Источник: *Оff our backs, August/September 1999, V.29; N.8 p. 7, Word Count: 2852
Читая постмодернистские теоретические тексты, я стала замечать некоторые логические провалы в теории постмодернизма. Я пыталась понять не только саму теорию, но и, что куда более важно, как она работает в современном мире — каковы эффекты постмодернистского мышления и теоретизирования в реальной жизни. Со временем стало ясно, что всеобъемлющий эффект постмодернизма заключается в том, чтобы заглушить голоса думающих и заставить их молчать как на личном, так и на политическом уровне. Я знаю, что это весьма возмутительное заявление, учитывая то, какое, на первый взгляд, первостепенное внимание в постмодернистской теории отводится голосам маргинализированных групп, голосам тех, кого раньше не слышали, и исследованию тем, ранее заглушаемых доминирующим дискурсом. Однако, углубившись в изучение того, как функционирует теория постмодерна, я обнаружила, что все эти утверждения — не более чем пустые слова. Судят по делам: важно видеть не то, что заявлено постмодернизмом, а то, как он на самом деле работает.
К любопытству в отношении постмодернизма меня привёл, в частности, опыт работы со стажёрками, в основном студентками старших курсов колледжей, в редакции журнала феминистских исследований “Off our backs”. В разгар рассылки писем, просроченных выпусков или другой утомительной офисной рутины я часто вовлекалась в дискуссии о феминизме со стажёрками. Чаще, чем мне хотелось бы, в ответ на свою точку зрения о каком-либо событии или теории я слышала: «Вы не можете так говорить». Обычно я отвечала: «Но я только что это сказала». Я не хотела хамить в ответ, напротив, я пыталась донести до них, что они могут выражать свое мнение без самоцензуры и чрезмерного нежелания говорить что-то, с чем остальные могут не согласиться. На самом деле мы можем излагать идеи ясно и конкретно, насколько бы дискуссионными они ни были. Другие могут с нами не соглашаться, но мы всё равно имеем право эти идеи озвучивать.

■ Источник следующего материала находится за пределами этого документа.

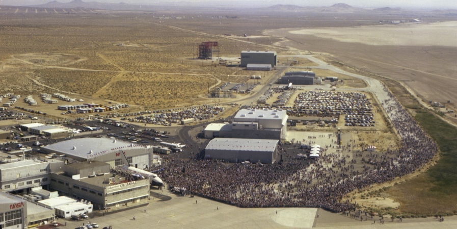 L’été suivant, la première navette est de sortie : le 4 juillet 1982 eu lieu des festivités peu habituelles au centre Dryden. En ce jour de fête nationale américaine (« Independance Day »), le président des USA de l’époque, Ronald Reagan, est venu assister à l’atterrissage de Columbia de retour de la mission STS-4, quatrième et dernier vol expérimental du programme STS, sur la piste 22 du Rogers Dry Lake d’Edwards AFB.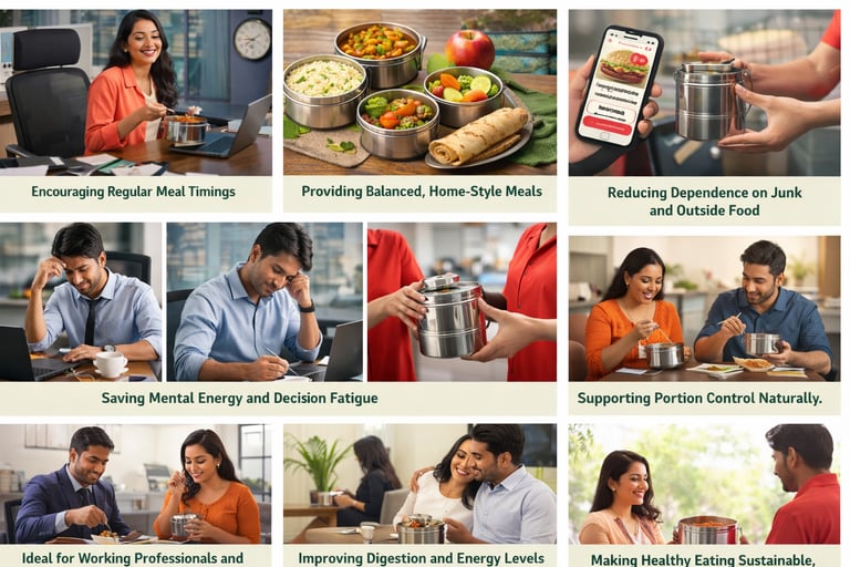 Tiffin services are designed for everyday needs, not occasional indulgence. They provide freshly prepared, home-style meals delivered at regular times, removing the daily stress of deciding what to eat.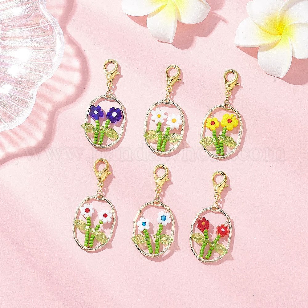 Овальный с цветочным стеклянным бисером и подвесками из лэмпворка и сплава, с карабин-лобстерами , золотые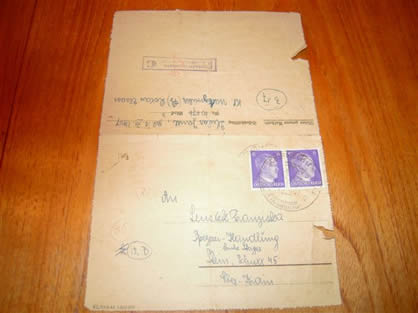 "Dear Danica! Up to now I have received two parcels through the Red Cross. The others I have received from Francka. Here you have my new address. Please write to me, it is permitted to send food and cigarettes. Dear wife, send me a parcel very soon. How are Andrejka, Mateja and Marko? I hope that you are all well, and how are you and my mother? Best regards to Francka and to my relatives. In anticipation of early news from you I remain with regards and kisses for you and the children.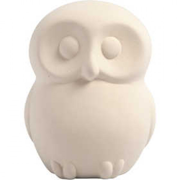 Spardose in Eulengestalt - rohes, weißes Terrakotta - mit Gummistopfen im Boden.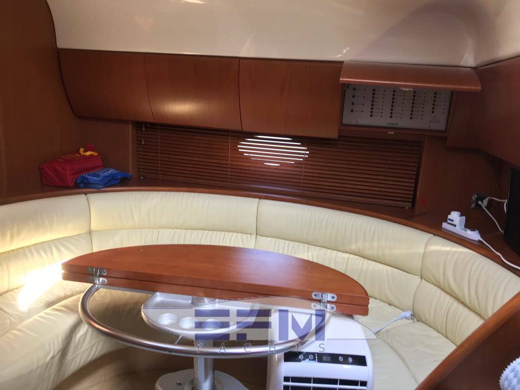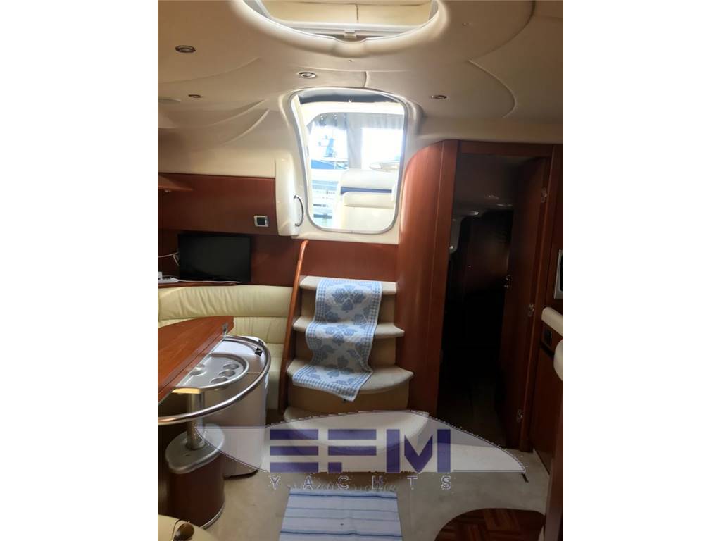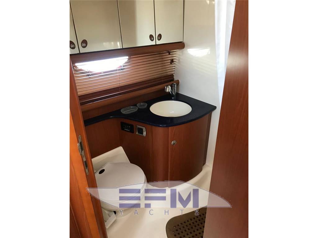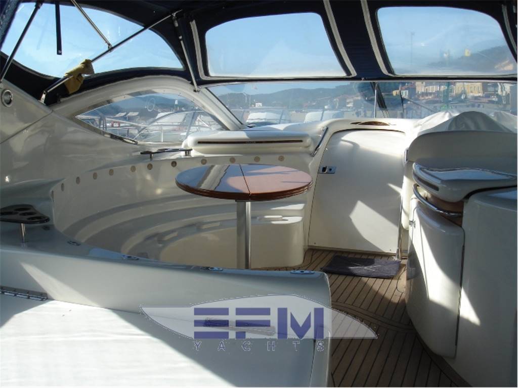 Notas internasNotas de la instrumentaciónFull VDO analogic instruments for monitoring engine parameters, oil temperature water tachometer and speedometer -Instrumentation full Raymarine electronics integrated in the dashboard: GPS chart plotter Raymarine Raytheon Lcd - Autopilot st 65, Tridata st 600 Raymarine - Raymarine GPS antenna - TV Antenna - Antenna VHF - clarion stereo with cockpit speakers and remote control - electronic throttles Volvo Penta - 3 LCD TV 20 'SONY - hydraulic flaps control - Bow thruster - digital chain counter - WHF shipmate - TV system with antenna amplified glomex - Faro electric adjustable - command gangway - Hangar aft hydraulic opening - electric windlass with remote control at the bowNotas de armamentoBow thruster - Opecmare hydraulic gangway in stainless steel and teak - cockpit and aft platform in teak - interior in satin cherry wood - outdoor galley cabinet with barbecue, fridge and sink - WC with vacum flush and black and gray water tank - hydraulic trim tabs - cockpit awning - electric windlass - external shower - swimming ladder - garage with electro-hydraulic opening - complete safety equipment - |

Одна из стажёрок должна была написать материал об античойсерах (anti-choice, антиабортники). Она оказалась в затруднительном положении, потому что считала, что «мы не можем говорить, что активисты против абортов не правы — просто у них своя точка зрения. Мы не можем однозначно назвать какую-либо точку зрения неверной». Она действительно запуталась в своей позиции по отношению к абортам после того, как услышала горячие убеждения противников выбора. Не то чтобы античойсеры её переубедили своими аргументами — это, по крайней мере, было бы честным заблуждением. Нет, это была её неспособность считать какой-либо аргумент более веским, чем другие, поэтому до тех пор, пока существуют противоборствующие позиции по любому вопросу, она, кажется, нигде не могла занять определенную позицию. Эту ситуацию я рассматриваю как кумулятивный эффект от влияния постмодернисткого академического образования на студенток в гуманитарной сфере. Они становятся неспособными занимать позицию даже в самых очевидных случаях.

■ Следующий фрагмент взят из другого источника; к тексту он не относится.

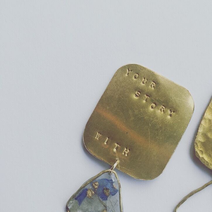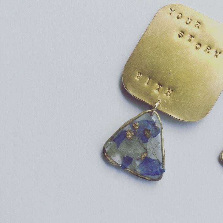 真鍮プレートに刻印your story with.(あなたの物語に…) 凹凸のプレートにはドライフラワーを閉じ込めてアシンメトリーのプレートアイテムになります 揺れるトライアングルが可愛いアクセサリー size : 縦5cm.横3cm イヤリング/ピアスの金具は付いておりませんので、ご希望の方は備考欄にコメント下さいませ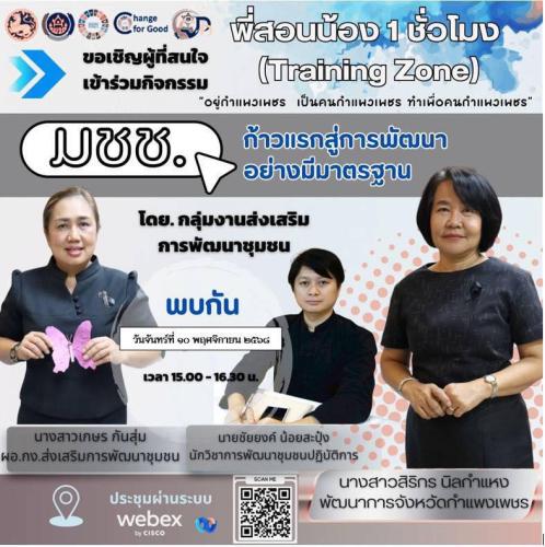 สำนักงานพัฒนาชุมชนอำเภอทรายทองวัฒนา โดยนางสาวสุรีรัตน์ ศักดิ์เดชากุล พัฒนาการอำเภอทรายทองวัฒนา พร้อมด้วยเจ้าหน้าที่พัฒนาชุมชน เข้าร่วมกิจกรรมพี่สอนน้อง 1 ชั่วโมง (Trianing Zone) ตามโครงการริเริ่มสร้างสรรค์ “พัฒนาชุมชนกำแพงเพชร องค์กรแห่งความรู้” (CDD Kamphaengphet Happiness : CDD KPP Happiness)
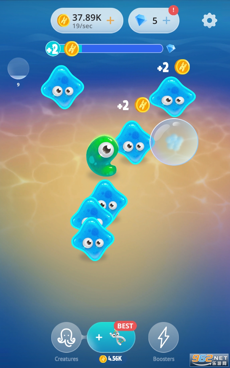 进化和升级生物 - 合并动物以获得新的品种 - 你甚至可以像着名的鱼类一样获得灵魂!探索水星并搬到土地!采取相同的野兽或原生动物,玩他们的遗传学,并享受结果!购买水晶,让你的进化更快或磁铁融合屏幕上同类的所有生物!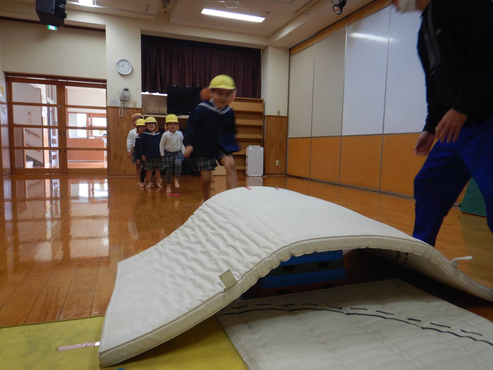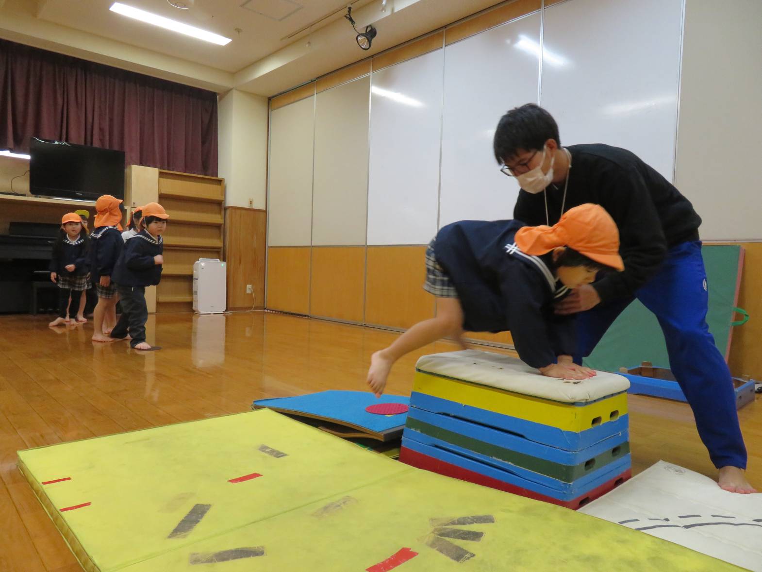 りす組では、飛び込み前転を行いました。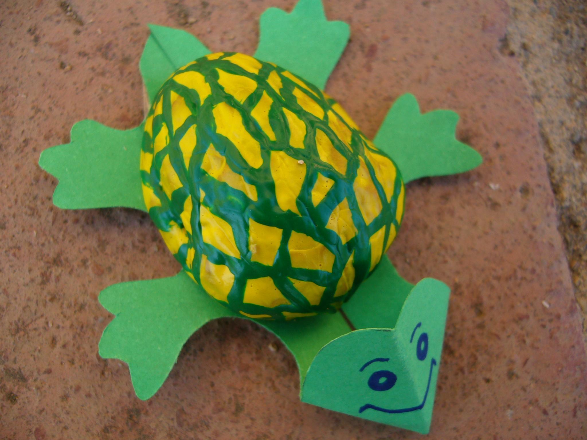 - Pode experimentar fazer tartarugas com nozes de diferentes tamanhos. Lembre-se que a base não pode ser maior que uma noz.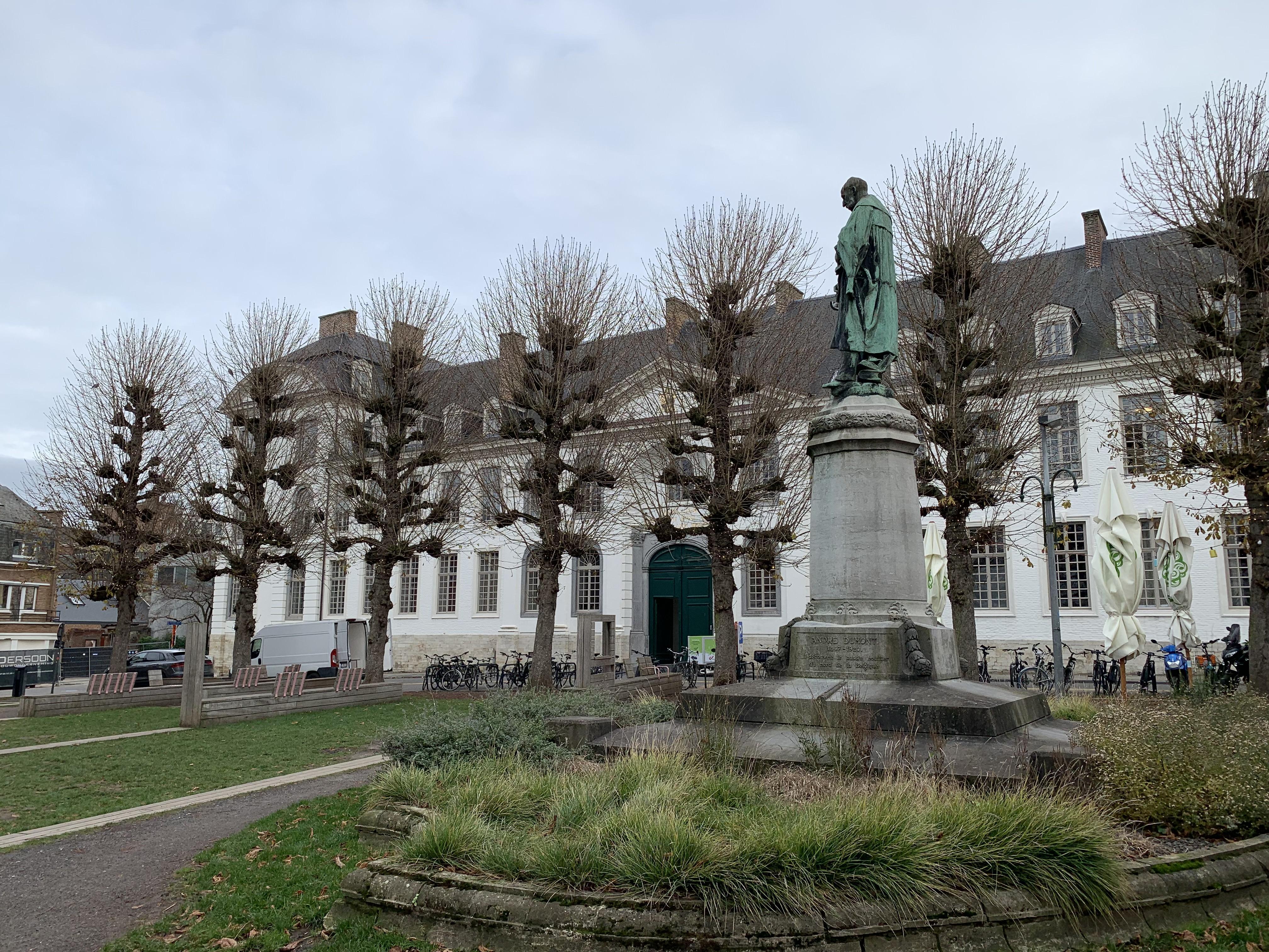 De afbeelding 'Centraal grasveld met standbeeld van André Dumont en omringend plantsoen' gemaakt door Schroyen, Heleen wordt ter beschikking gesteld door Agentschap Onroerend Erfgoed (AOE) onder de volgende voorwaarden: Modellicentie voor gratis hergebruik, Naamsvermelding-GelijkDelen 4.0 Internationaal.

Пришествие постмодернизма к господству в академической теории значительно воздействовало не только на гуманитарные науки, но и на феминизм, и на другие прогрессивные социальные движения. В постмодернизм заложены опасные зачатки — в первую очередь то, что эта теория поглотила некоторые ключевые идеи радикального феминизма и очистила их от политического содержания.

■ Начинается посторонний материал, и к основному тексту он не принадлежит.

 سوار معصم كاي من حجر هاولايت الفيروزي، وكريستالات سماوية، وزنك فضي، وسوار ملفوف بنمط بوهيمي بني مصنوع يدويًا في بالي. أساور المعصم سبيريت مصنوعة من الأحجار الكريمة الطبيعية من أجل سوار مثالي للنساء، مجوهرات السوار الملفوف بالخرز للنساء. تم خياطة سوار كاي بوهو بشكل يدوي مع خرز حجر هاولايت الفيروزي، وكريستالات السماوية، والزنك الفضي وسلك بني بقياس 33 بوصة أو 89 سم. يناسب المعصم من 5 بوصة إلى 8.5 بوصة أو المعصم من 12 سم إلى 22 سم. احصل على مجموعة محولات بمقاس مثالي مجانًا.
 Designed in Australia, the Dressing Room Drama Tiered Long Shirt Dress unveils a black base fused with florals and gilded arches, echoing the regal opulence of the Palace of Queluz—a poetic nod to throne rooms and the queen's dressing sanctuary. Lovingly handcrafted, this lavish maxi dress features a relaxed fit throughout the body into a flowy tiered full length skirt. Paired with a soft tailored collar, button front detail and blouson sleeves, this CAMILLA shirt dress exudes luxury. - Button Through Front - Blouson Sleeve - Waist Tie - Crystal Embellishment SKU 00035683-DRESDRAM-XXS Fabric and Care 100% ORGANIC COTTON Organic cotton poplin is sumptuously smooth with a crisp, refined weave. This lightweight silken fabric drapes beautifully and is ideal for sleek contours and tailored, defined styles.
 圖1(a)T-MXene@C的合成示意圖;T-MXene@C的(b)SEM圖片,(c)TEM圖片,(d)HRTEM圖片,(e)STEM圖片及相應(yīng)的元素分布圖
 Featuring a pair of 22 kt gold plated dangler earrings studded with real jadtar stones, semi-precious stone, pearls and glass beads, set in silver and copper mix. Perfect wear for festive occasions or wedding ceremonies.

Подрыв идей радикального феминизма
Одной из главных идей постмодернизма стало то, что всё социально сконструировано: гендер, раса, класс, личные качества и т.д. Постмодернисты тщательно и болезненно разбирают каждый нюанс каждой социальной системы — всё, что было социально обусловлено и сконструировано. Особое внимание уделяется конструктам, проистекающим из определённых точек сложившегося социального порядка — закреплённых белыми богатыми мужчинами, которые будут поддерживать мировоззрение, подтверждающее и легитимизирующее их привилегированное положение. Эта идея не нова — радикальные феминистки пришли к пониманию всего этого много лет назад: социальные системы глубоко формируют и определяют человеческие жизни неочевидными нам способами — даже самые личные аспекты человеческих жизней, такие как гендерные роли, сексуальность или даже самоощущение.
Что на самом деле интересно, так это то, что постмодернисты выдают это за собственное инновационное открытие. Радикальные феминистки говорили об этом годами! И по классической патриархальной схеме обвинения в «обратной дискриминации» (а-ля Мэри Дэйли, см. Mary Daly, reversals and “reverse discrimination”) постмодернисты обвиняют радикальных феминисток в эссенциализме, то есть в вере в то, что гендер и другие качества являются врожденными. Это с точностью до наоборот противоположно тому, что всё это время говорили радикальные феминистки: если гендер сконструирован, то его можно переконструировать более справедливо. В чем радикальные феминистки расходятся с постмодернистами, так это в понимании того, насколько трудно будет изменить, переконструировать гендеры. Радикальные феминистки считают, что это изменение не только не произошло, но и в принципе не может произойти легко и просто — вот почему постмодернисты обвиняют нас в эссенциализме. Хотя различия не проистекают из биологических характеристик, разница в том, как социализируются мужчины и женщины, весьма существенна, и отсюда вырастает огромная разница между гендерами. Я думаю о постмодернистах как о разновидности феминисток из серии «ты-проделала-долгий-путь-детка», беспечно отрицающих, насколько глубоко пролегает патриархальная обусловленность и как глубоко укоренились патриархальные институты.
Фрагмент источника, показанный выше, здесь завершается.